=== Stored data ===
▼

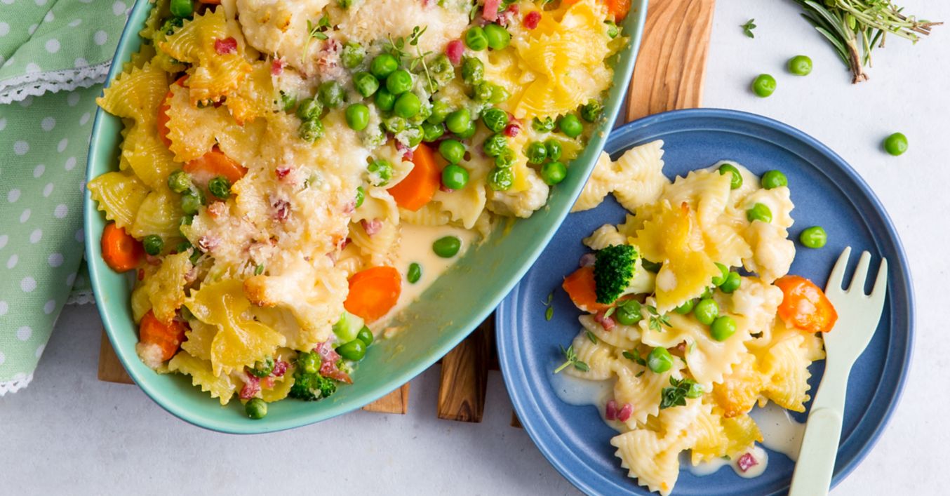 Farfalle carbonara cu legume la cuptor
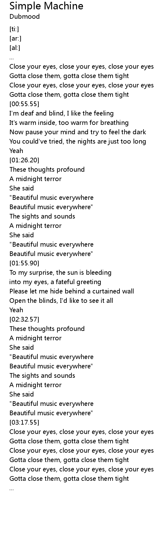 | [00:48.94] | Close your eyes, close your eyes, close your eyes now |
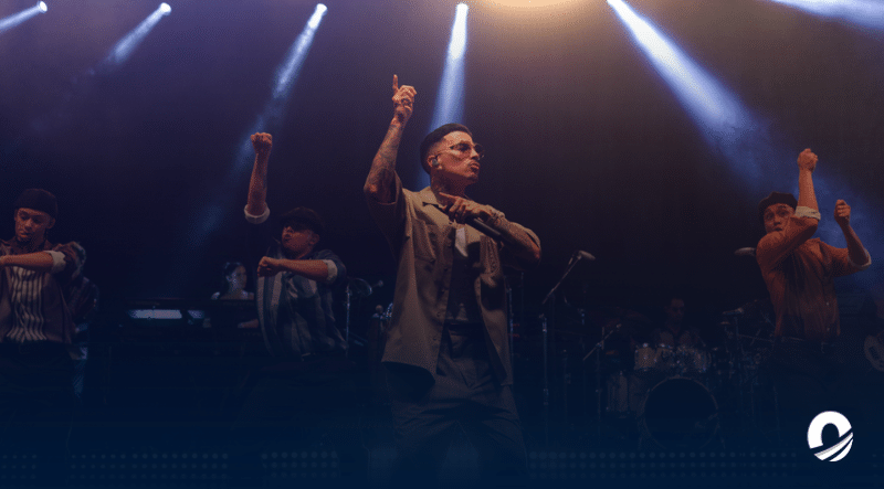 Vestido con traje y gafas de sol, Rauw Alejandro aseguró sobre el escenario que «llegaron las Navidades a Puerto Rico», ya que, como anunció, este concierto gratuito fue un regalo navideño para el pueblo puertorriqueño.
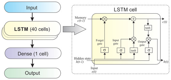 Artificial neural networks (ANNs) with integrated LSTM cells [29] are employed to perform the forecasting task. The LSTM architecture captures temporal dependencies across the input sequences and transmits the learned information to a fully connected layer, where each output node produces a single forecasted value. The dimensions of the input of the ANNs are the number of input time steps and the number of input variables. Figure 1 illustrates the architecture of the forecasting module. Figure 2 presents the overall structure of the artificial neural networks, along with a detailed schematic of the LSTM cells. Each LSTM unit consists of a memory block and three primary gates—input, output, and forget—that regulate information flow. This architecture enables the network to learn long-term dependencies by selectively retaining or discarding temporal information. Specifically, the input gate updates the cell’s content, while the forget gate determines what information in the memory state should be kept or discarded at any given moment. At the same time, the output gate manages the information that is passed from the memory unit. Rectangular boxes represent activation functions applied after matrix multiplication, while circular spots indicate element-wise operations. In Figure 2, , , and correspond to the input, hidden state, and cell activation vector, respectively, with denoting the sigmoid activation function. The cell’s output is a weighted sum of , , and a bias term, passed through a sigmoid activation [30].
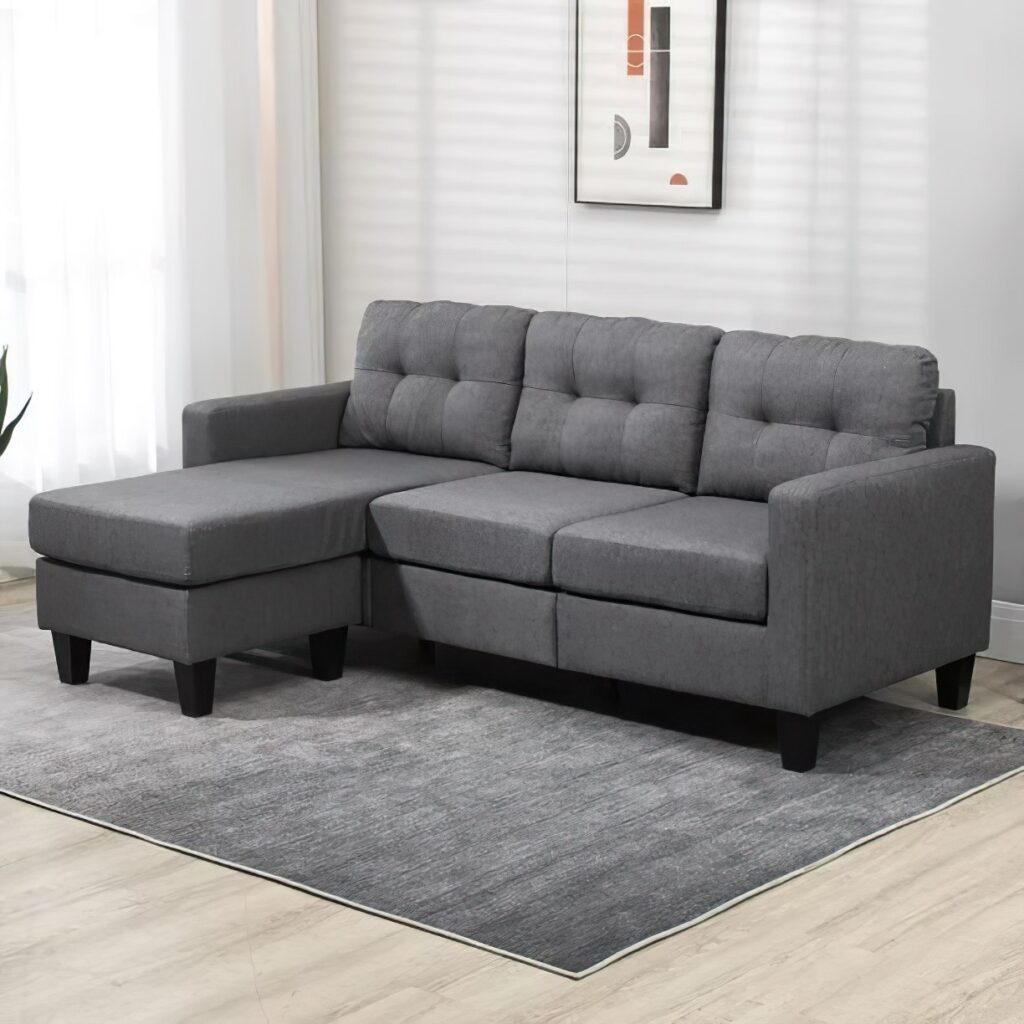 Luna Linen Fabric Convertible Sectional Sofa in Grey
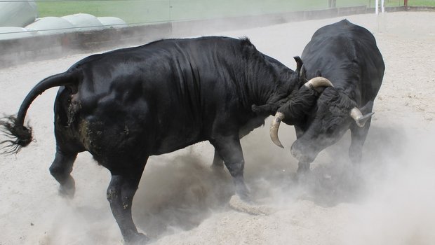Im Ring in Aproz VS werden sich ungefähr 300 Kühe mit den Hörnern messen. Rund 500 Freiwillige sind für die Durchführung der Kuhkämpfe im Einsatz. Dem Endkampf wohnen in der Regel um die 10'000 Zuschauerinnen und Zuschauer bei.
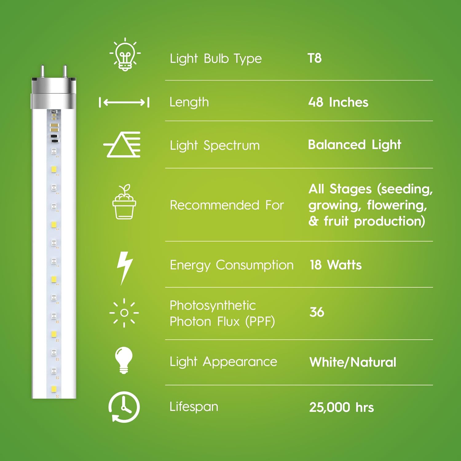 The GE T8 LED Grow Lights are specifically designed for seeds and greens, providing a balanced red-blue light spectrum essential for plant growth. Ideal for both gardening enthusiasts and professionals, these energy-efficient bulbs mimic natural sunlight, promoting healthy development and vibrant crops.
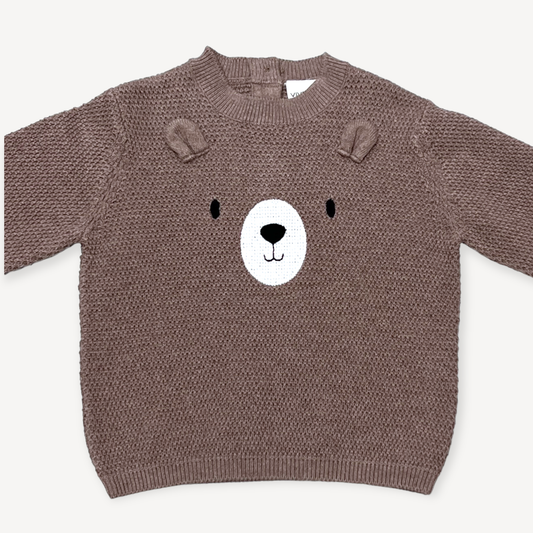 Bear Embroidered Knit Baby Pullover Sweater (Organic)
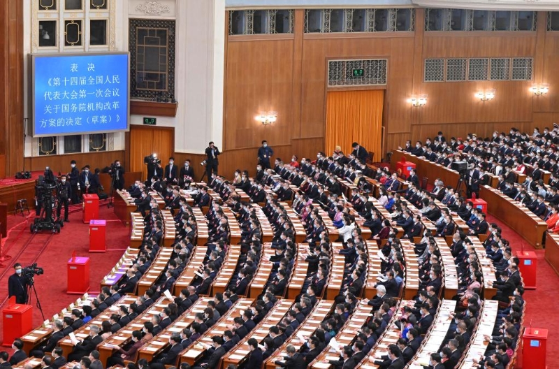 3月10日,十四屆全國人大一次會議在北京人民大會堂舉行第三次全體會議。

▲

=== Exercise instructions ===
The records above are to be set down exactly as written, with no images.

=== Output ===
 Farfalle carbonara cu legume la cuptor
 | [00:48.94] | Close your eyes, close your eyes, close your eyes now |
 Vestido con traje y gafas de sol, Rauw Alejandro aseguró sobre el escenario que «llegaron las Navidades a Puerto Rico», ya que, como anunció, este concierto gratuito fue un regalo navideño para el pueblo puertorriqueño.
 Artificial neural networks (ANNs) with integrated LSTM cells [29] are employed to perform the forecasting task. The LSTM architecture captures temporal dependencies across the input sequences and transmits the learned information to a fully connected layer, where each output node produces a single forecasted value. The dimensions of the input of the ANNs are the number of input time steps and the number of input variables. Figure 1 illustrates the architecture of the forecasting module. Figure 2 presents the overall structure of the artificial neural networks, along with a detailed schematic of the LSTM cells. Each LSTM unit consists of a memory block and three primary gates—input, output, and forget—that regulate information flow. This architecture enables the network to learn long-term dependencies by selectively retaining or discarding temporal information. Specifically, the input gate updates the cell’s content, while the forget gate determines what information in the memory state should be kept or discarded at any given moment. At the same time, the output gate manages the information that is passed from the memory unit. Rectangular boxes represent activation functions applied after matrix multiplication, while circular spots indicate element-wise operations. In Figure 2, , , and correspond to the input, hidden state, and cell activation vector, respectively, with denoting the sigmoid activation function. The cell’s output is a weighted sum of , , and a bias term, passed through a sigmoid activation [30].
 Luna Linen Fabric Convertible Sectional Sofa in Grey
Im Ring in Aproz VS werden sich ungefähr 300 Kühe mit den Hörnern messen. Rund 500 Freiwillige sind für die Durchführung der Kuhkämpfe im Einsatz. Dem Endkampf wohnen in der Regel um die 10'000 Zuschauerinnen und Zuschauer bei.
 The GE T8 LED Grow Lights are specifically designed for seeds and greens, providing a balanced red-blue light spectrum essential for plant growth. Ideal for both gardening enthusiasts and professionals, these energy-efficient bulbs mimic natural sunlight, promoting healthy development and vibrant crops.
 Bear Embroidered Knit Baby Pullover Sweater (Organic)
 3月10日,十四屆全國人大一次會議在北京人民大會堂舉行第三次全體會議。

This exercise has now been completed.